The inability or,  at the worst, unwillingness of uniformed and non-uniformed Myanmar authorities to put an end to the persecution of Muslims in the Arakan Hills and beyond poses a serious threat to a fragile and increasingly important economic region in Asia.

Myanmar is the gateway for the two most-populous and powerful Asian nations, China and India, to an economically-stable southeast Asia. But because of the Myanmar authorities’ historical inability to govern the northern and eastern part of the country bordering India, Bangladesh and southern China, a vast area has remained lawless, threatening to undermine the region as a whole economically. The killing of Muslims by chauvinist Buddhists, with apparent support from the Buddhist Sangha, could have fatal consequences for years to come for those who are not involved in these insane activities but merely reside in the neighborhood.

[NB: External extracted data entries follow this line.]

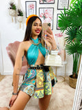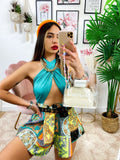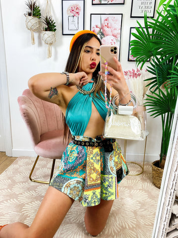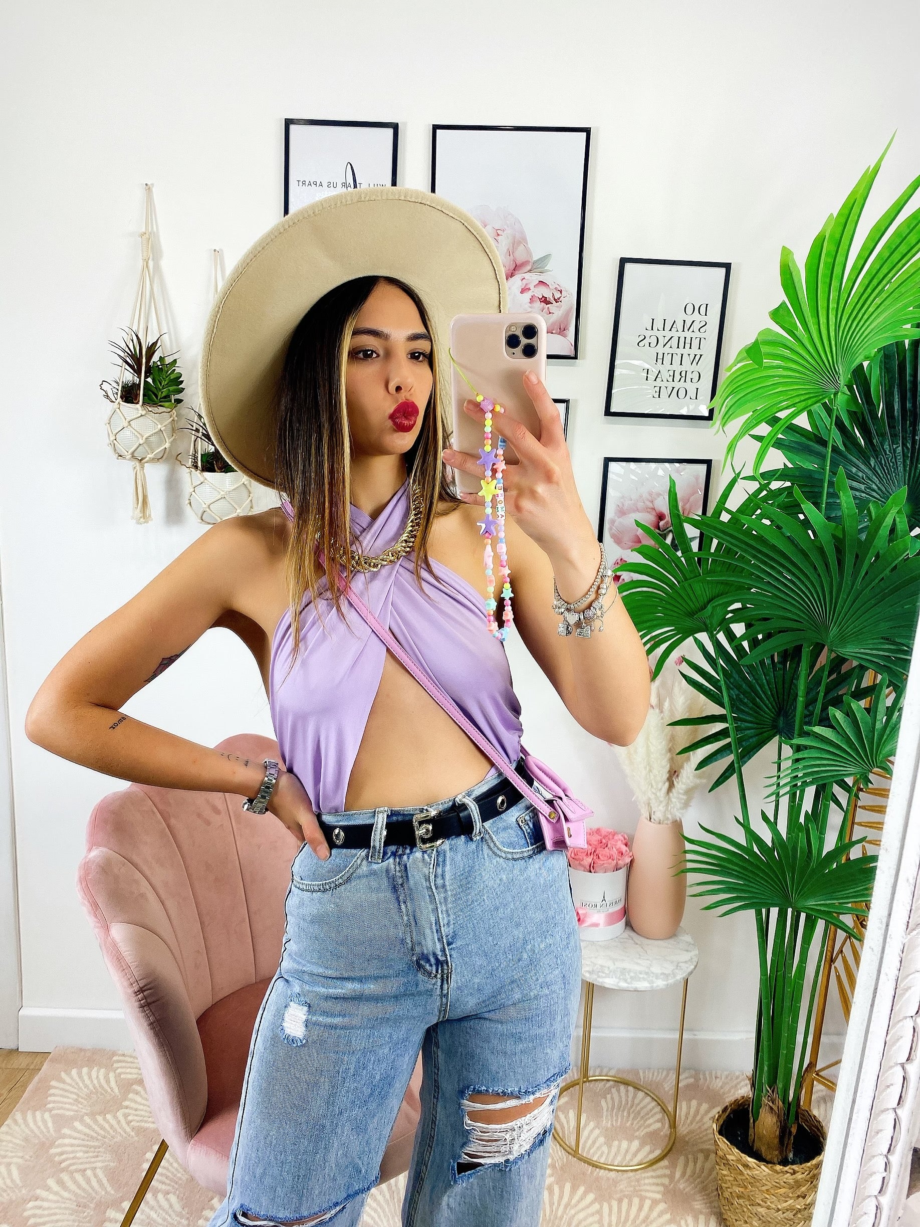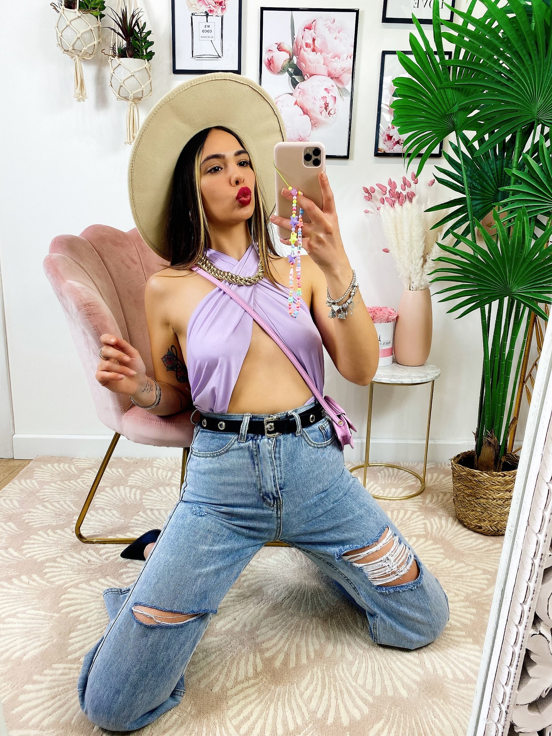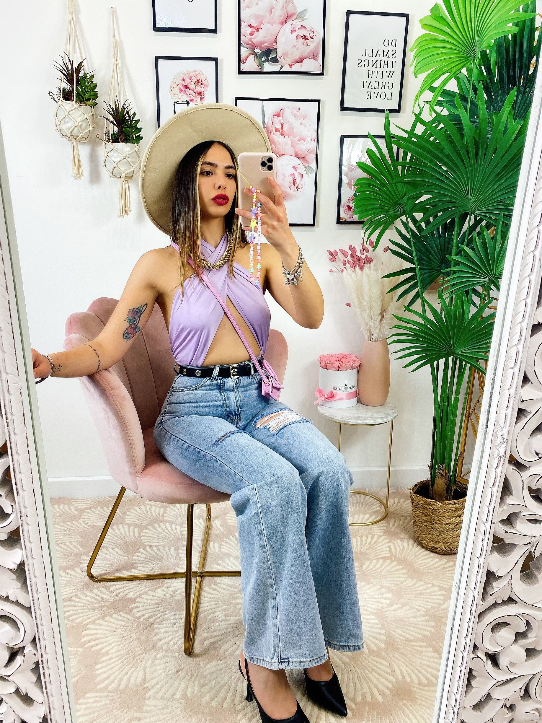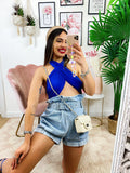 Body elasticizzato con incroci sul seno tessuto elasticizzato.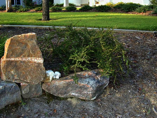 July 1, 2014: The Cotoneaster has done great in its new location. In fact, they got so big that we had to cut them back.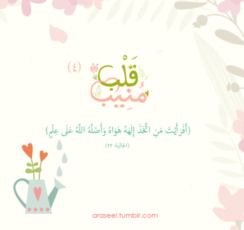 ? | #قلب_منيب ٤ رمضان *{أَفَرَأَيْتَ مَنِ اتَّخَذَ إِلَهَهُ هَوَاهُ وَأَضَلَّهُ اللَّهُ عَلَى عِلْمٍ}* (الجاثية: 23) ✨ *تغلب على الهوى* وُجدنا يا صاحبي على طريق الحياة لكي نعبد الذي أغدق علينا بالنعم، وجادَ علينا بتبيان طريق الهدى لئلا يكون للناس حجة! لئلا يُجاريون الدنيا في كلِّ ملذاتها ويعلقون على شمّاعتها أعذرًا وأسبابًا واهية.. ? فالعدو اللدود هو …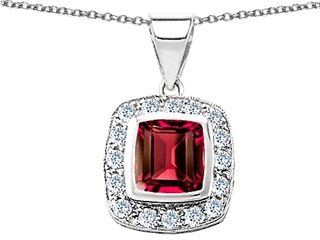 The beautiful Original Star K(tm) Square Cushion Cut Created Ruby Pendant, crafted in 925 Sterling Silver. This amazing design is mounted with 1 stone prong set red Cushion Cut Created Ruby, 16 stones prong set colorless Round Cubic Zirconia. This product measures 15.00 mm wide, 20.00 mm long. Ruby is July Birthstone: From the Latin 'ruber' meaning 'red'. King of gems and a symbol of royalty, it is said to inspire love, passion, confidence and leadership. Free 18 inches chain included Designer: Star K - This beautiful design, is part of the exclusive Star K. jewelry collection. Star K. designs are copyrighted, so please be aware of cheap imitations selling online. Only original Star K. creations are made using the highest quality materials and craftsmanship, backed by an exclusive Lifetime Warranty. Warranty: - This item is covered by Finejewelers exclusive Silver Shield Lifetime Warranty. This exclusive lifetime coverage is offered ONLY by Finejewelers so please shop with confidence, our quality is guaranteed for life!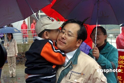 11月2日上午9時(shí)許,中國海事執(zhí)法船“海巡21”載著被三艘外籍漁業(yè)輔助船挾持的15名中國公民,安全靠泊在浙江舟山長峙碼頭。在中國海事局、中國海上搜救中心的全力救助和韓、日兩國海事部門的協(xié)助下,10月20日被外籍漁業(yè)輔助船挾持的15名中國公民安全回到祖國懷抱。中新社發(fā) 黃正勝 攝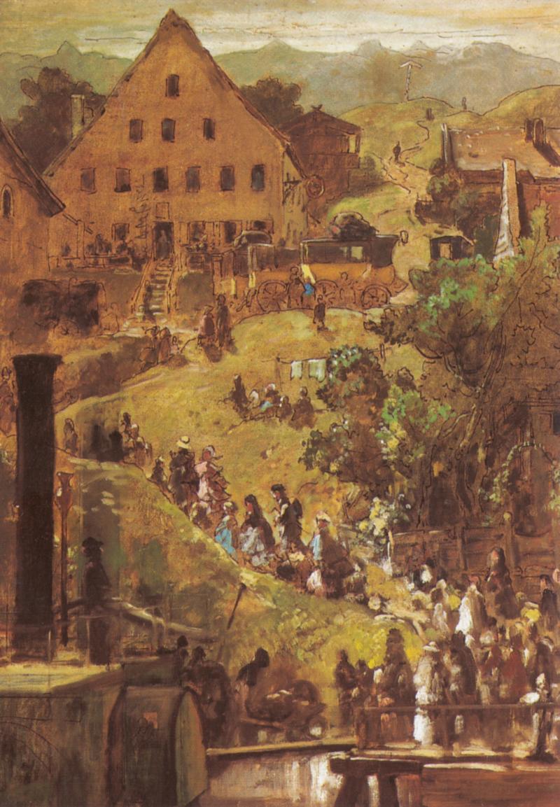 The painting "Ankunft in Seehaupt" from the artist Carl Spitzweg as high-quality, hand-painted oil painting replication.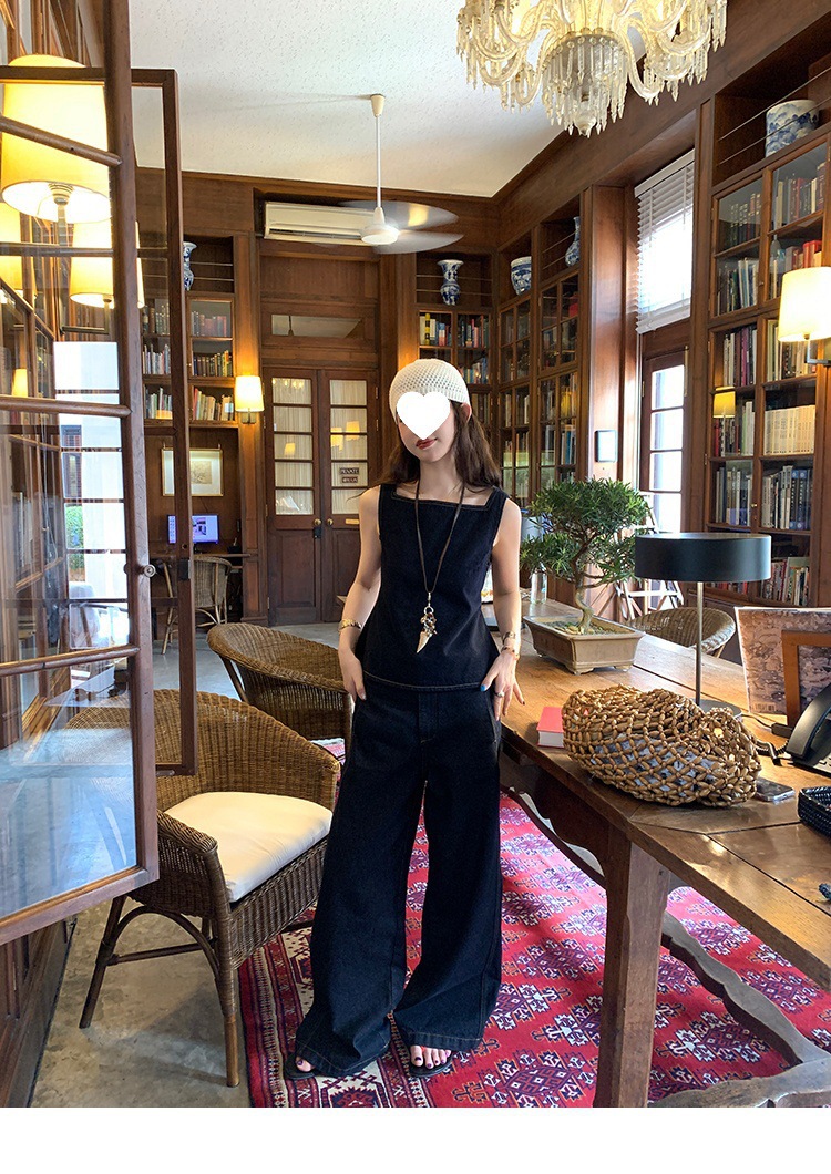 Американский жилет с квадратным воротником, джинсовый костюм оригинального цвета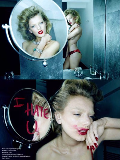 近日,时尚杂志《Vogue》公布了2011年7月刊广告大片,本组大片邀请了90后名模布莱克叶-海楠(Bregje Heinen)拍摄本期刊的大片,内衣上阵,演绎轻松自在的闺房生活。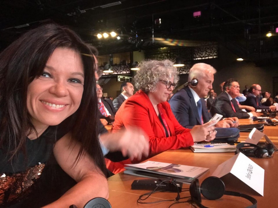 Руслана Лижичко презентувала учасникам короткометражний фільм про відновлювану енергетику в Україні, зйомки якого проходили, в тому числі, і на Каховській ГЕС.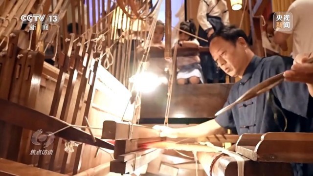 蜀錦省級非遺傳承人 曹代武:梭子從這個開口里邊過來,然后我就把緯線編織到里面了,織出來就是你現在看到的這個唐代的五彩鳥紋樣。再來一梭,一梭一梭的,就這樣反反復復。

According to available media reports, on Oct. 21, a violent mob led by a group of Buddhist fanatics, killed resident Muslims and burned down their homes in Rakhine state, located in western Myanmar. A Rakhine government spokesman put the death toll at 112, but within hours state media had revised it to 67 killed, 95 wounded and nearly 3,000 houses destroyed from Oct. 21 to Oct. 25. All those killed were Arakanese Muslims, called Rohingyas. According to Iran’s Press TV, Myanmar army forces provided the Buddhists with containers of petrol to set ablaze the houses of Muslim villagers, forcing them out of their homes. This latest violence against the Muslims by Myanmar’s Buddhists has also drawn the attention of the United Nations. On Oct. 25, Secretary-General Ban Ki-moon urged the authorities in Myanmar to take action to bring an end to the lawlessness currently affecting the state, with the UN chief’s spokesperson describing the outbreak of communal violence in five townships in the state’s north as “deeply troubling.”

Earlier this year on June 4, Buddhist residents in western Burma killed at least nine Muslims as sectarian tension worsens in the region, police say. Reports say a crowd attacked a bus in Rakhine province after blaming some of the passengers for the gang rape and murder of a Buddhist woman. In another incident, at least 10 people were injured in the state capital Sittwe when police broke up a protest. The riots continued throughout the month of June.

The New York-based Human Rights Watch released satellite images of the “near total destruction” of a once-thriving coastal community that was reduced to ashes around Kyaukpyu, an industrial zone important to Chinese energy interests.

Chain in the Buddhist Fanatics

Persecution of the Arakanese Muslims by the Buddhists has been a pattern in Myanmar’s national fabric for decades. The heart of the problem lies with the Buddhist-majority government of Myanmar, which refuses to recognize the Rohingyas and has classified them as illegal migrants despite the fact that they are said to be Muslim descendants of Persian, Turkish, Bengali and Pushtun origin who migrated to Myanmar as early as in the 8th century. As a result, Myanmar’s estimated 800,000 Rohingyas have remained officially stateless, and are considered outsiders and not one of country’s 135 officially-recognized ethnic groups. Extremely disturbing is the fact that this persecution of Muslims has now gone beyond the Arakan Hills, and Muslims are now under the Buddhist gun throughout Myanmar.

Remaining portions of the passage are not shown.